__Work order__. Your answer must be an exact copy of the lines from the one containing "Dedek Crescens Lajos: A" through the last line of the records below, with no pictures; please include nothing else.

[Dataset items]
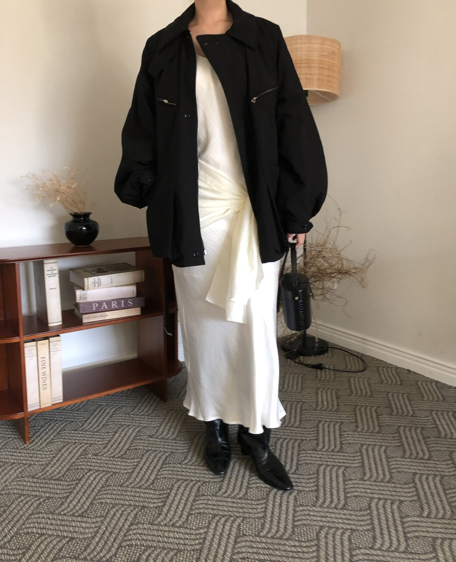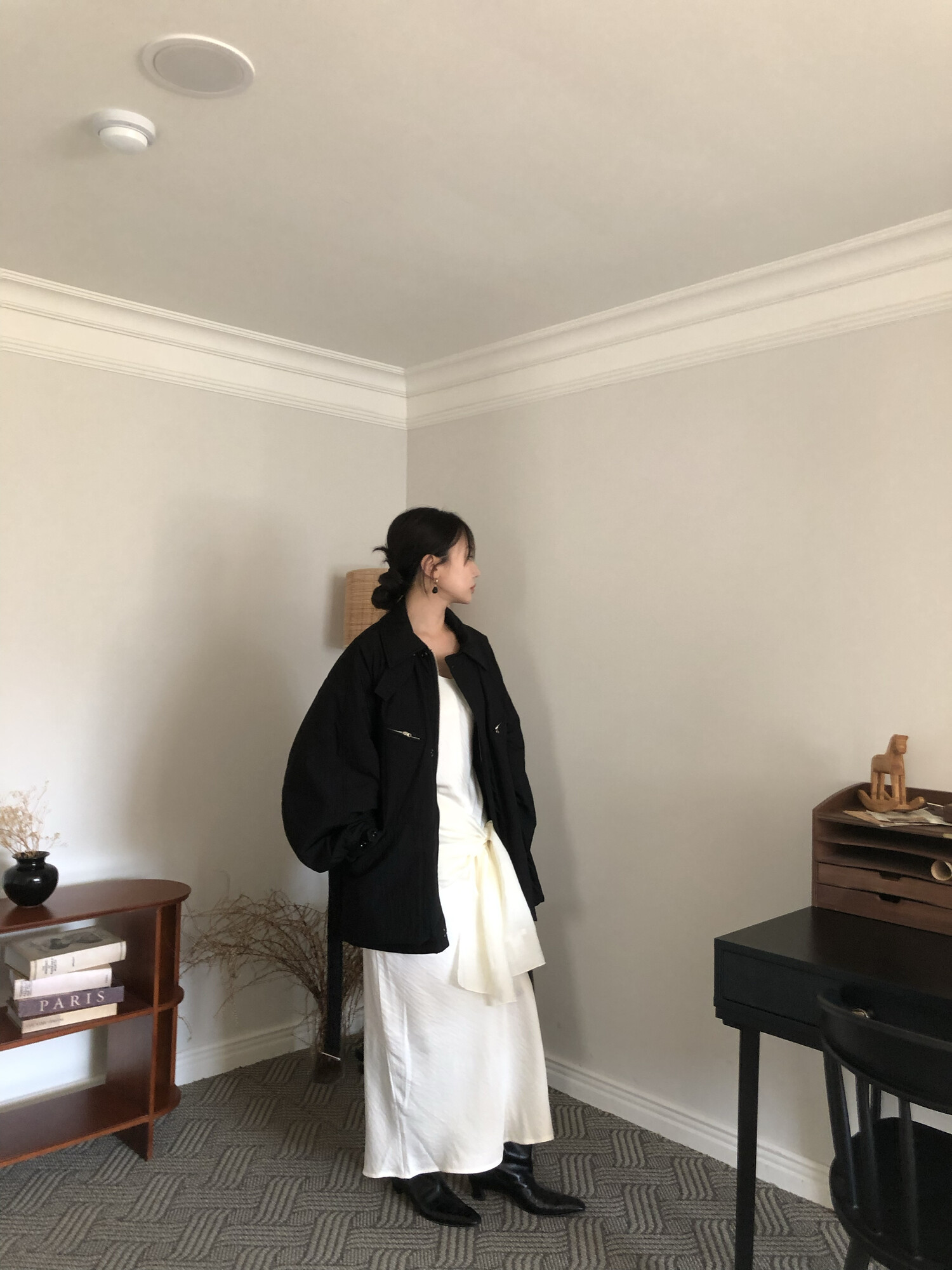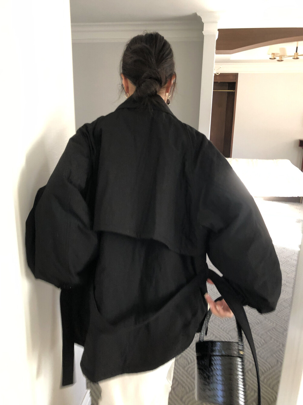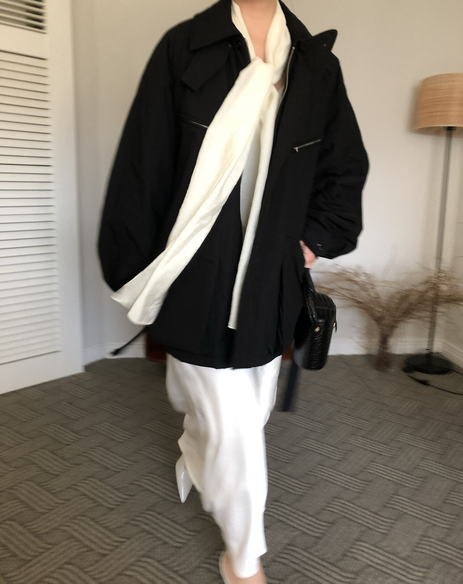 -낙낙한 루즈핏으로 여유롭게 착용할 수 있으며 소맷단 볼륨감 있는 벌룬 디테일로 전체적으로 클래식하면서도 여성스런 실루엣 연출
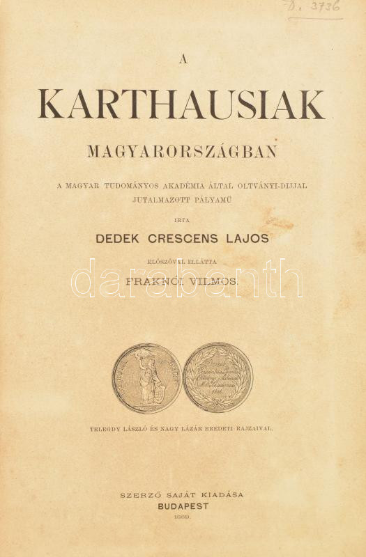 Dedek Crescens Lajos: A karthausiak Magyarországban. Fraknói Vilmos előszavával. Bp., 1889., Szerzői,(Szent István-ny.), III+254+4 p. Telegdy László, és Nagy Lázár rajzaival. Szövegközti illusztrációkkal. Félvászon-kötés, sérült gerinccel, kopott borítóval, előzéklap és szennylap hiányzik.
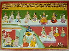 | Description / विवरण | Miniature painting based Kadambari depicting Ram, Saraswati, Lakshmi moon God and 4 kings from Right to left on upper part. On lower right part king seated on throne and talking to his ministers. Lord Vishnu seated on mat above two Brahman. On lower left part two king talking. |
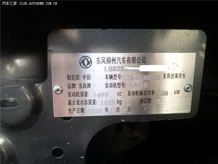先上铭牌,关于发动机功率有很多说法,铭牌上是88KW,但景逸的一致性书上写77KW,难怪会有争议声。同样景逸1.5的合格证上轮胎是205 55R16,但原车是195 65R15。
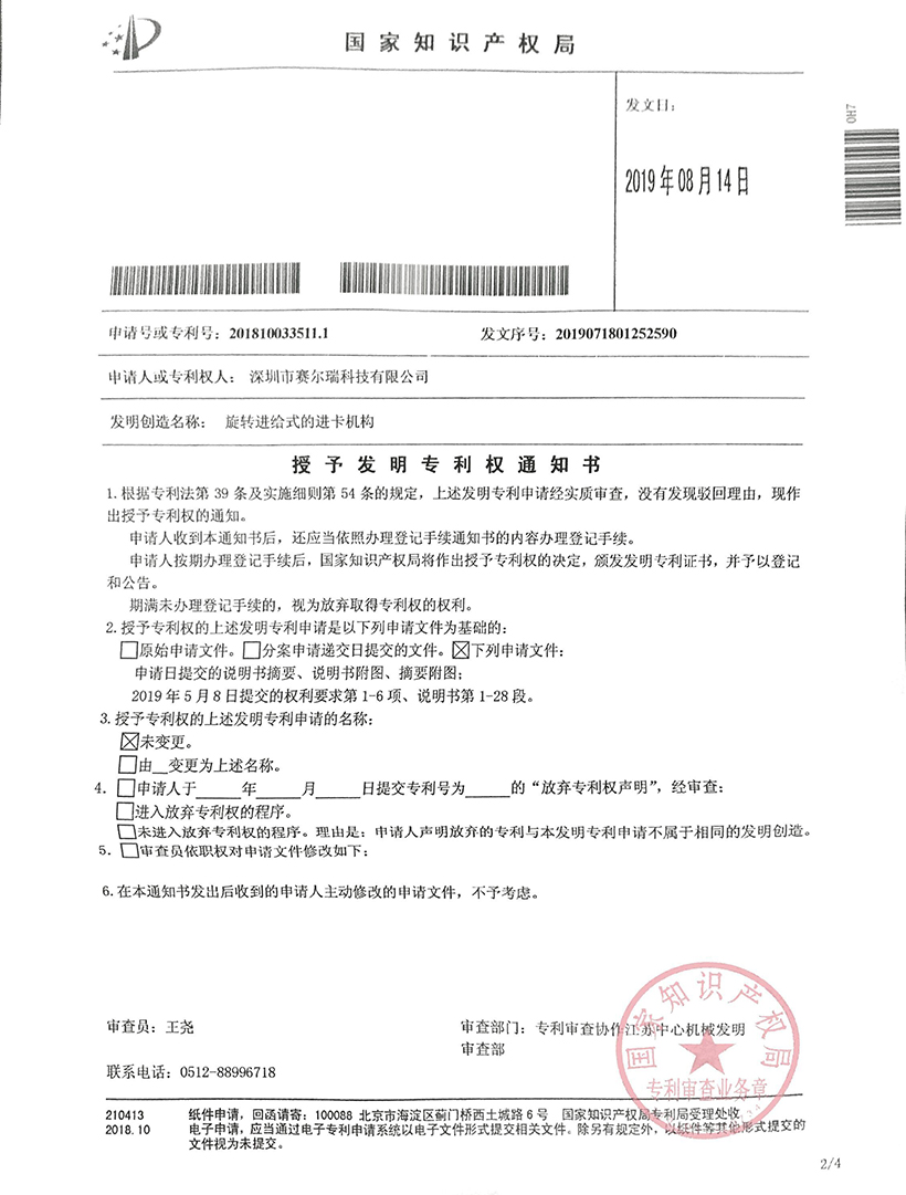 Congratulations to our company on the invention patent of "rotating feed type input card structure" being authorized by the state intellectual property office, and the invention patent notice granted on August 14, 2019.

__Solution below__.
 Dedek Crescens Lajos: A karthausiak Magyarországban. Fraknói Vilmos előszavával. Bp., 1889., Szerzői,(Szent István-ny.), III+254+4 p. Telegdy László, és Nagy Lázár rajzaival. Szövegközti illusztrációkkal. Félvászon-kötés, sérült gerinccel, kopott borítóval, előzéklap és szennylap hiányzik.
 | Description / विवरण | Miniature painting based Kadambari depicting Ram, Saraswati, Lakshmi moon God and 4 kings from Right to left on upper part. On lower right part king seated on throne and talking to his ministers. Lord Vishnu seated on mat above two Brahman. On lower left part two king talking. |
先上铭牌,关于发动机功率有很多说法,铭牌上是88KW,但景逸的一致性书上写77KW,难怪会有争议声。同样景逸1.5的合格证上轮胎是205 55R16,但原车是195 65R15。
 Congratulations to our company on the invention patent of "rotating feed type input card structure" being authorized by the state intellectual property office, and the invention patent notice granted on August 14, 2019.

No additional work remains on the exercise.